El fútbol de base en Taunton: el impacto del calor extremo
El fútbol de base, al límite: el calor extremo cierra campos y ahoga a los clubes
El verano ha dejado algo más que marcas en el termómetro. Ha dejado cicatrices en el césped. Y en Taunton, esas cicatrices han obligado a cerrar campos enteros.
El Ayuntamiento de Taunton Town ha tomado una decisión drástica: clausurar sus campos deportivos para “proteger la calidad y la sostenibilidad a largo plazo de las instalaciones” y garantizar la seguridad de los jugadores. No es una medida menor. Es un frenazo en seco al corazón del fútbol de base de la zona.
El calor extremo y la sequía prolongada han castigado el terreno de juego. La hierba se ha debilitado, el suelo se ha endurecido. Lo que antes era un tapete verde ahora se ha convertido, en muchos casos, en una superficie dura, castigada, peligrosa para las articulaciones y los tobillos de cualquiera que se atreva a deslizarse por ella.
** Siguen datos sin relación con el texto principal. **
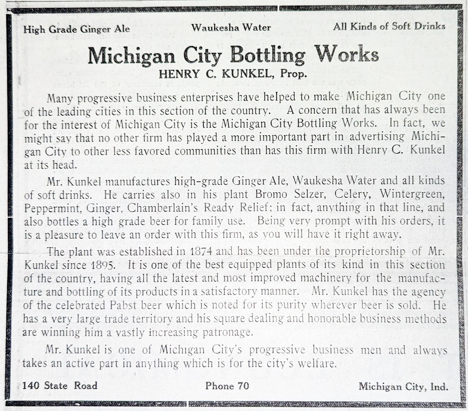 — Michigan City Bottling Works, H. C. Kunkel, proprietor, e Eighth, phone 70.
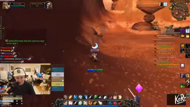 01:13:52Die Gruppe plant den Tagesablauf: Zuerst wird ein Flugpunkt geholt, um Wege zu kürzen und spätere Lauferei zu vermeiden. Anschließend soll Wilbo eine Quest abholen. Der Kernplan ist ein Dungeon-Run zu fünft mit Kerak und Wilbo. Nach diesem Treffen trennen sich die Wege für das Leveln auf der schimmernden Ebene. Das oberste Ziel bleibt unverändert: Keine Todesfälle riskieren. (Zeitstempel 4432-4460)
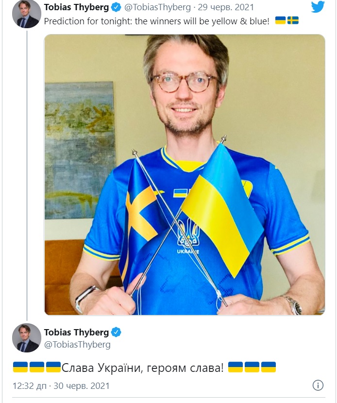 Посол Швеції в Україні Тобіас Тіберг привітав збірну України з футболу з перемогою над Швецією в 1/8 фіналу Євро-2020.
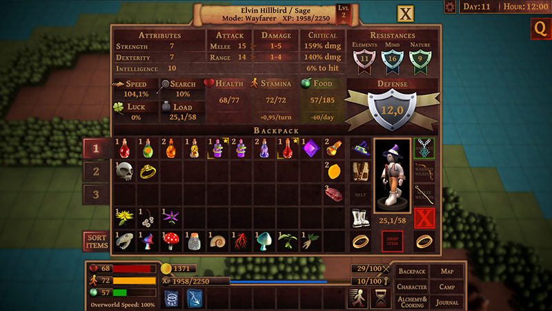 Another improvement is made regarding hunting incidents. When hero finds the tracks of a deer, either at the camp or as an overworld incident, he had the option to follow the tracks. We realized this option was not working as intented. It always found two deers no matter what, although it should have been a Wilderness Survival skill check. But this will be corrected and improved with the next update. Based on the hero’s success at the skill check, he will be able to find more or less deers. If he rolls a critical success, he will find three instead of two deers. Critical failure will also be a thing and it will spawn a forest enemy like snakes or giant centipedes. We will test and fine tune this feature.
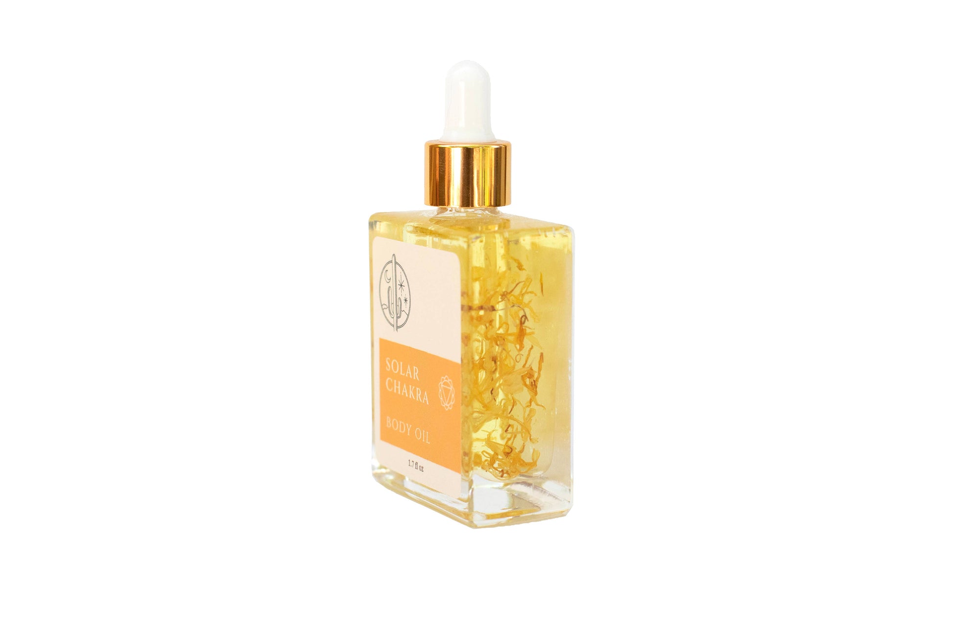 Aromatherapy Body Oil Formulated with hydrating oils and invigorating Lemongrass & Rosemary essential oils, this Solar Plexus Chakra Body Oil stimulates your vitality and power within, helping you to awaken to your highest potential and create radiant transformation in your life. For the most transformative self-care practice, repeat the affirmation “I exude confidence and inner strength” while massaging the oil into your skin, and feel your confidence and inner strength come to life. Perfect for use in your yoga, massage, meditation, reiki or wellness ritual.
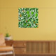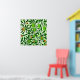 Print in a William Morris Art Nouveau pattern of lemons, pomegranates, and peaches, with blossoms, on leafy branches - fruit in lime green and coral orange, with green leaves, against a patterned, lime green and white background
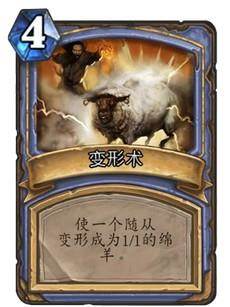 这张卡牌跟变形术可以对调,不过我会跟大家解释我更喜欢火球术而不是变形术的原因。火球术耗4点蓝可以造成6点伤害,它足够消灭游戏中85%的仆从了,不仅如此,它还能直接对敌方英雄造成6点伤害。变形术不能对古尔丹造成伤害,但是火球术可以。此外,变形术/火球术的组合要消耗6点蓝。用火球术基本可以对付所有活着的仆从,剩下的两点蓝可留着做点其他的事。你也许会说,变羊后只有1/1,这样还有什么好担心的呢?因为它仍然有一点伤害来解决掉你某个血少的仆从,甚至是你,而且中立卡牌或职业专属卡牌还可能为它加buff。
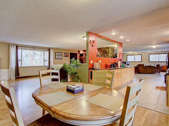 This beautiful mountain home is 'move in' ready! Surrounded by trees, and minutes away from Evergreen Lake, this home sits in a quiet neighborhood that has raised garden beds, a greenhouse, and a shed for chickens and goats. The master bathroom was expanded & remodeled with a spacious marble counter top, large shower, a walk-in closet & a standard closet. The kitchen has been updated with extra-deep granite countertops, European-style frameless maple cabinets & drawers for lots of storage. Solid oak wood floors & tile throughout the main floor, radiant floor heat in the master suite, hall bath & living room; hot water baseboard heat in the rest of the house, wood stove in the basement can heat the entire house, cedar walk-in closet & game room in the basement, as well as 2 bedrooms, laundry, full bath & 1 non-conforming bedroom (previously considered the 6th bedroom). The garage has a large workshop space and plenty of shelving. A newly added Trex Deck has also been installed!

Paul Coltman, consultor de fútbol que trabaja con los clubes afectados, no suaviza el diagnóstico. “Estamos ya cerca del punto de ruptura con más equipos que campos”, advierte. Los números no cuadran: menos superficies disponibles, más partidos por disputar, más sesiones de entrenamiento que encajar. Cada cierre multiplica la presión sobre los pocos campos que siguen abiertos.
El resultado es inmediato: los terrenos aún utilizables soportarán más encuentros, más minutos, más desgaste. Y ahí llega el efecto dominó. “El impacto en el fútbol local es enorme y supone un drenaje masivo sobre una base de voluntarios que ya está menguando”, subraya Coltman. Los mismos que marcan líneas, cortan césped, montan porterías y organizan ligas ahora deberán hacer más con menos.
Desde el ayuntamiento, la explicación es clara. La sequía prolongada ha debilitado la cobertura de hierba y ha endurecido las superficies de juego. Las inspecciones técnicas han dejado un mensaje inequívoco: seguir utilizando los campos en este estado podría causar daños significativos y comprometer su condición para el resto de la temporada. El césped intenta recuperarse, pero sigue “bajo un estrés considerable” y necesita más tiempo antes de volver a soportar el peso de un calendario normal.
Lo más preocupante es que el problema no nace solo del último golpe de calor. Coltman apunta a una herida más antigua. “Esto es el resultado de años de abandono y un mantenimiento deficiente”, denuncia. El clima ha sido el detonante final, pero la mecha llevaba tiempo encendida.
Ahora los clubes se ven obligados a improvisar. “Esos clubes van a tener que trabajar juntos para encontrar sedes alternativas”, avisa el consultor. Campos en otras localidades, acuerdos de última hora, horarios partidos en mil pedazos para encajar a todos. Y, aun así, no hay garantías. “Esto no va a desaparecer rápido, por lo que parece”, reconoce.
Mientras tanto, el Ayuntamiento insiste en que la situación se vigila de cerca. Los campos se inspeccionan de forma regular y la revisión es semana a semana. No hay fecha firme para el regreso a la normalidad, solo un seguimiento constante y la esperanza de que el césped resista y responda.
En Taunton, el futuro inmediato del fútbol de base no se decide en un despacho técnico ni en una asamblea de clubes. Se decide en cada centímetro de hierba que consiga sobrevivir a otro verano extremo. Y la pregunta ya no es solo cuándo volverán a abrir los campos, sino cuántos veranos más podrá soportar este fútbol antes de que el daño sea irreversible.